Донн не причинит зла невинным и беззащитным.
Главное – почаще повторять это самой себе.
– Питер, всё будет в порядке. Я знаю, что делаю.
– Нет. Ты просто считаешь, что у тебя нет выбора.
– Даже если так, это не отменяет того, что я знаю, что делаю.
Какое-то время Питер ещё держал меня, и я не знала, что больше кружит мне голову: не до конца излеченное истощение, волнение при мыслях о грядущем призыве – или осознание, что моих щёк касается его дыхание, вырывающееся из гневно приоткрытых губ.
Затем он всё-таки разжал руки, позволив мне опереться на столешницу.
– Я буду с тобой, – коротко сказал Питер, отворачиваясь к плите.
– Нет.
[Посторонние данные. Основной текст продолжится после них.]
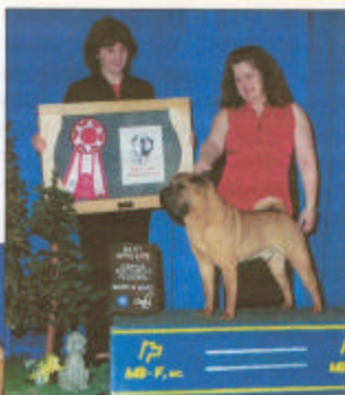
◀ Winners Bitch, Best of Winners WDR's Luci El Ball By Ruger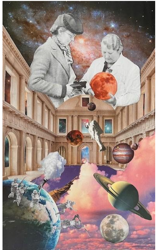
Claire Thompson: 'Universe Unboxed', collage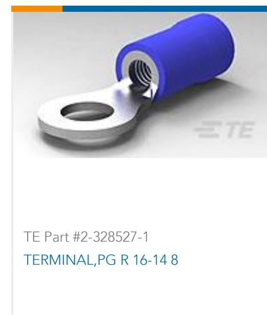
TE Part #2-328527-1 TERMINAL,PG R 16-14 8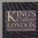
Chairman of Council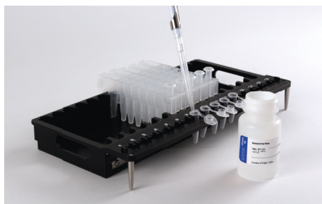
Figure 2. Setup and configuration of the deck tray. Elution Buffer is added to the elution tubes as shown. Plungers are in well #8 of the cartridge.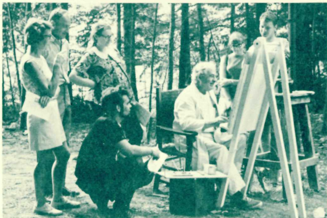
Sculptor-in-Residence at the Ravine Studio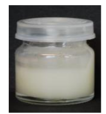
Macroscopic view of gel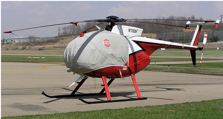
Hughes 500D Bubble Cover with Wire Strike detail and Blade Tie-downs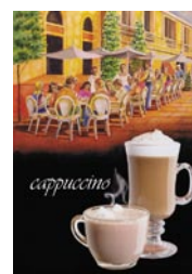
Model FMD-3 available with optional Cafe Display

Dimensions: 30"H x 11.3"W x 23.3"D (76.2 cm H x 28.7 cm W x 59.2 cm D)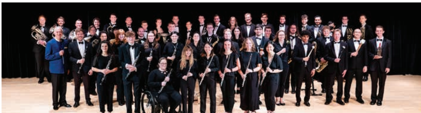
DUQUESNE UNIVERSITY WIND SYMPHONY ORCHESTRA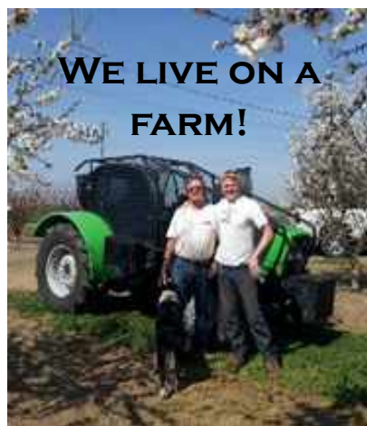
WE LIVE ON A FARM!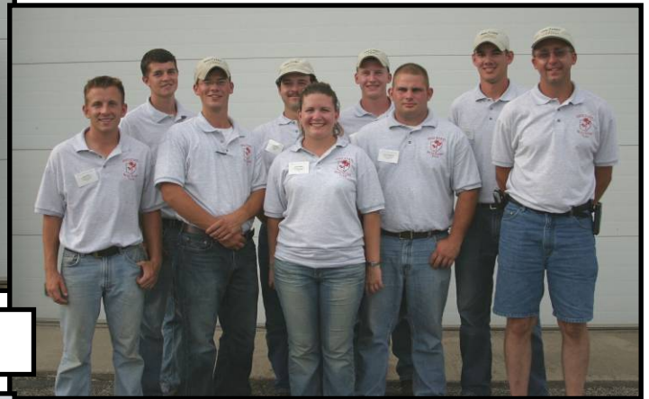
Ohio State University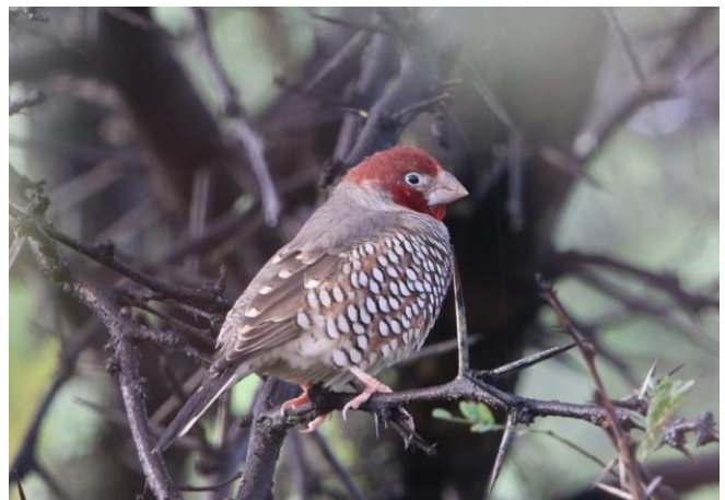
Red-headed Finch [Adelle van Zyl]

С богами всегда говорят один на один.
– Тогда я буду неподалёку. Настолько неподалёку, насколько это возможно. – Вновь надев рукавицы, Питер снял крышку с кастрюльки. – Годится?
Я кивнула без раздумий: мне и самой хотелось того же.
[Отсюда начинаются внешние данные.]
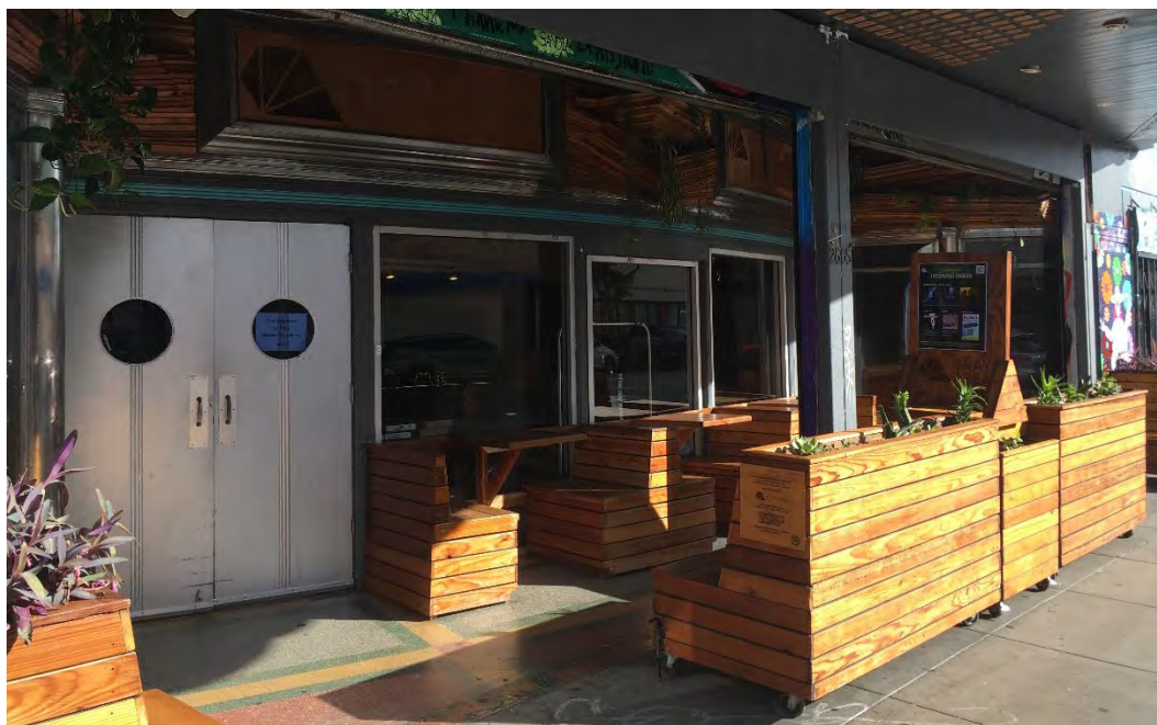
Grand Theater, entry vestibule, view east, 2023.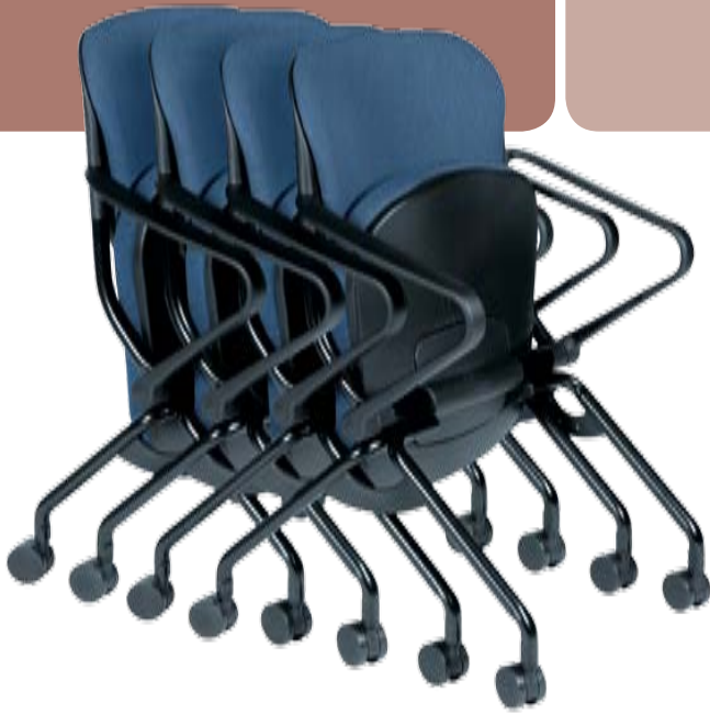
Navigator Chairs (Shown Nested)

To increase efficiency, the new office building was designed so that the two agencies could share some areas that aren't in continual use. Shared areas of the building include the waiting area at the building's main entrance, a kitchen and dining area, and a conference room.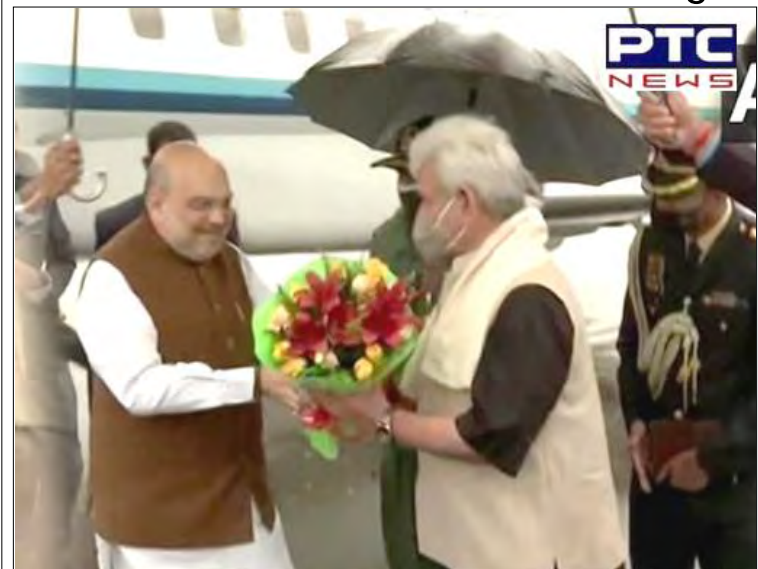
October 23, 2021 nü Union Home Minister, Amit Shah Srinagar airport tonga aruba mapang nung Lieutenant Governor, Manoj Sinha-i pa agizükba noksa nung angur.

Srinagar, Mongputeni/October 23 (Agencies): Tawa Jammu & Kashmir nung kiralongrartemi civilian aika tepsetba ajanga tensa mejungi aliba mapang ka nung Union Home Minister, Amit Shah-i anogo asemnü atema J&K semdanga Honibarnü Srinagar tonga ogo.

– Значит, завтра будем искать твои компоненты. – Проткнув ножом картошку, убедившись, что она сварилась, Питер вернул крышку на кастрюлю – и, открыв тумбочку рядом с плитой, протянул мне сотейник. – А пока помой ещё вот эту штучку.
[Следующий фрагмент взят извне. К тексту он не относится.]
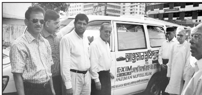
Export Import (EXIM) Bank of Bangladesh Ltd donated an ambulance to Anjuman Mufidul Islam, an Islamic voluntary organisation providing humanitarian services for the poor, at a function in Dhaka on Friday. Senior officials from both the sides were present.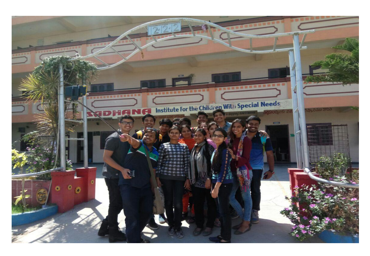
Sadhana institute for the Mentally Challenged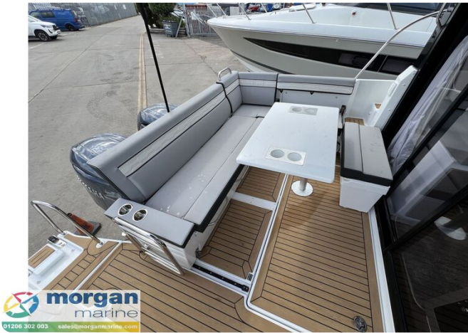
New Jeanneau Merry Fisher 895 - aft cockpit U shape seating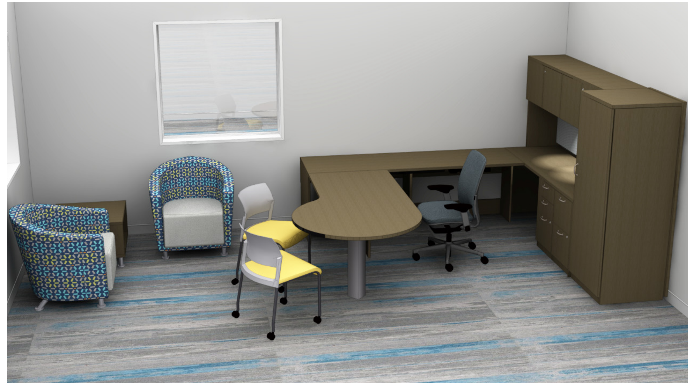
Q VICE PRINCIPAL'S OFFICE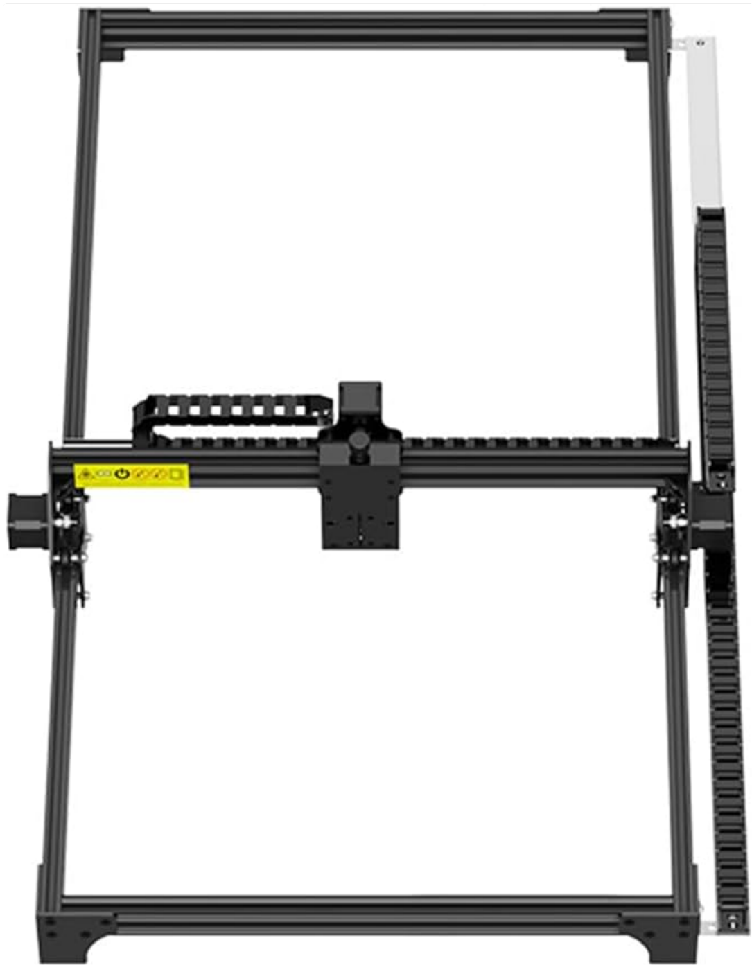
Figure 1: Overview of the FEUNGSMAKE Laser Engraver Machine frame. This image displays the sturdy 2040 aluminum frame, which forms the base structure of the engraving and cutting machine. It highlights the open design, ready for the integration of a laser module and control board.

Когда пюре приготовилось, курица покрылась хрустящей корочкой, а я докричалась до Эша, соизволившего спуститься откуда-то со второго этажа, мы сели ужинать на той же кухне, рассевшись за длинным овальным столом с гнутыми ножками.
– Питер, мне нужна твоя кулинарная книга, – пробормотала Рок, отправив в рот первую вилку. – Это самое вкусное пюре, что я ела в жизни.
Я не стала поддакивать. Лишь бесцеремонно оторвала пальцами ещё кусочек куриной ножки, решив, что молчаливая демонстрация здорового аппетита – лучший комплимент повару.
Впрочем, ужин и правда заслуживал самых хвалебных эпитетов. Нежное, со сладким сливочным привкусом пюре напоминало крем; пряная шкурка курицы замечательно оттеняла сочное мясо, таявшее во рту.
– Весь секрет в хорошей картошке. И в расталкивании, – откликнулся Питер, назидательно вскинув вилку к потолку. – Нужно мять картошку, пока не останется ни единого комочка. Потом добавить кусочек сливочного масла, молоко и сырое яйцо. Мешать лучше блендером или миксером.
– Сырое яйцо? – скептично уточнил Эш. – То есть ты, старик, ещё и сальмонеллёзом нас решил заразить?
– Яйцо придаёт нужную консистенцию, вкусовой оттенок и золотистый цвет. А нужную термическую обработку обеспечивают горячая картошка и молоко. Не волнуйся, бабушка всю жизнь так готовила.
– Придётся поверить на слово, – буркнул Эш, тем не менее исправно опустошая тарелку.